By Bart H. Meijer
(Reuters) -The European Union’s General Court on Wednesday dismissed a request by Amazon to scrap its designation as a platform subject to stricter requirements under EU online content rules.
Amazon had contested the lawfulness of the provision in the EU’s Digital Services Act that specifies which online platforms are labeled as “very large”. Those companies are required to do more to tackle illegal and harmful content on their platforms.
The EU’s second-highest court said the EU was right in considering that marketplaces exceeding the threshold of 45 million users could be included in that group, as they too could pose a risk to society.
Amazon said it was disappointed in the ruling and that it intended to launch an appeal.
“The Very Large Online Platform status was designed to address systemic risks posed by very large companies with advertising as their primary revenue and that distribute speech and information,” it said in a statement.

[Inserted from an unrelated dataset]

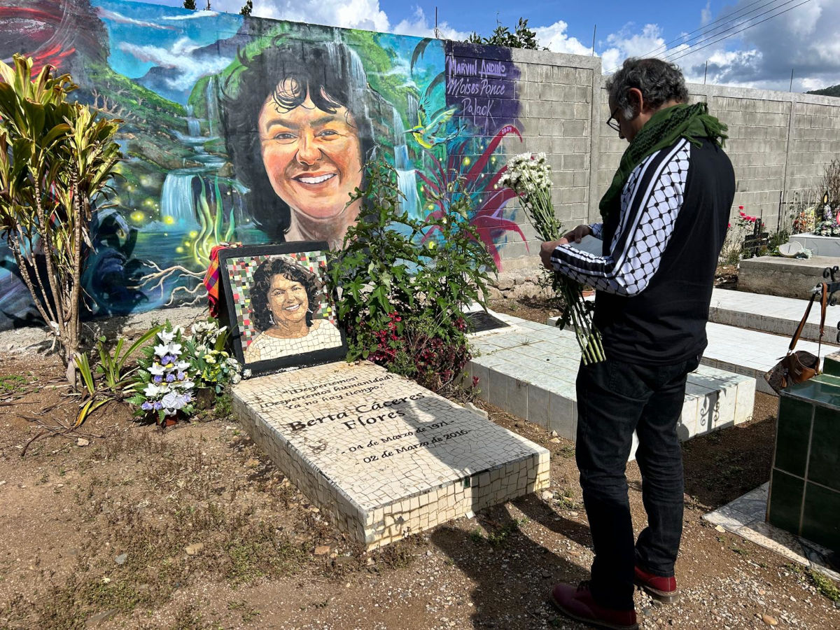 Davanti alla tomba di Berta Isabel Cáceres Flores (1971-2016) a La Esperanza, in Honduras, dove è nata e morta, ho osservato una farfalla gialla svolazzare intorno a un cespuglio di bougainvillea. Volava indifferente, passando da una tomba all’altra nel silenzioso cimitero. Accanto alla tomba di Berta c’è quella di suo fratello, Carlos Alberto López Flores (1958-2004), un comunista che ha studiato all’Università Patrice Lumumba di Mosca e che ha avuto un’influenza fondamentale sul pensiero della sorella minore. L’altro lato della tomba di Berta rimane vuoto. Attende il corpo della madre di Carlos e Berta, María Austra Bertha Flores López – conosciuta come Mamá Berta – che ha seppellito due dei suoi figli. La farfalla gialla volteggiava sopra la tomba di Berta, dove c’erano fiori freschi lasciati dai visitatori che, come noi, erano venuti a rendere omaggio a questa leggendaria combattente uccisa per aver difeso i diritti del popolo Lenca dell’Honduras e la lotta globale per la giustizia sociale.
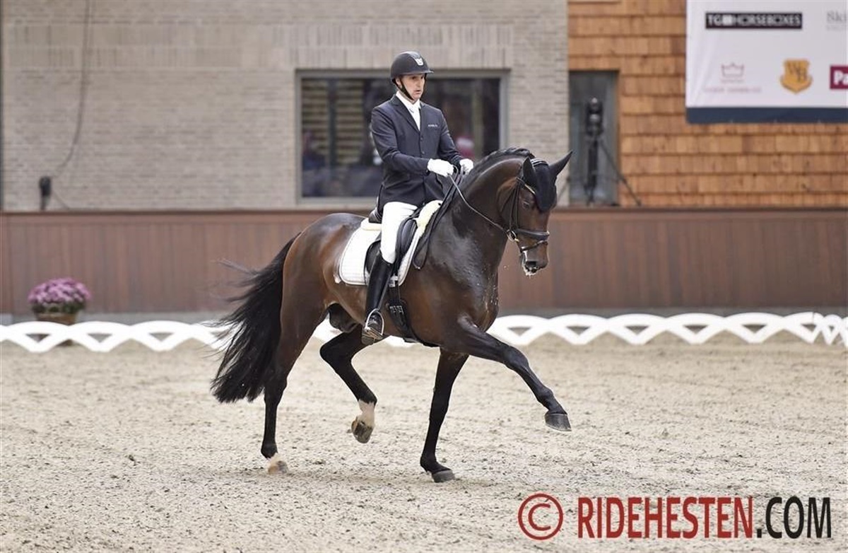 Den tyskfødte hingste Revolution e. Rocky Lee/ Rouletto har haft en ualmindelig succesfuld karriere i sit blot 6-årige liv. Han har tidligere vundet Pavo og Dansk Ride Forbunds championatsfinaler for 4- og 5-års, lige som han som 5-års vandt UVM og ved UVM i år tog sig af sølvmedaljen sammen med sin medejer og faste rytter Andreas Helgstrand. Kurt Christensen roste Revolutions elastiske og taktfaste trav med meget flotte øgninger, men der blev i dag særligt i skridten lidt uro fortil, hvor hingsten ville dykke lidt i hånden. Igennem sin store, rummelige galop med god op-ad-bakke tendens viser hingste sig funktionel i de imponerende øgninger, såvel som den her viser talent for samling, Changementerne var ikke alle gennemsprungne, og det fik live kommentatorerne, Daniel Bachmann Andersen og Karsten Pedersen, til at mene, at dommerne var i det gavmilde hjørne med pointene. Hingsten blev fremvist i flot form og dommerne udtalte, at den har fantastisk kapacitet til fremtiden. Topkarakteren 10 blev det til for både galop og kapacitet. Samlet intet mindre end 9,44.

“The Amazon Store, as an online marketplace, does not pose any such systemic risks; it only sells goods, and it doesn’t disseminate or amplify information, views or opinions.”
The court in its ruling, however, said the risks were posed by “disseminating illegal content or infringing fundamental rights, including consumer protection”, and said interference was justified.
“The obligations imposed on those platforms … are intended to prevent those risks, even if they entail significant financial burdens for those platforms,” it added
The court also dismissed all other arguments by the U.S online retail giant.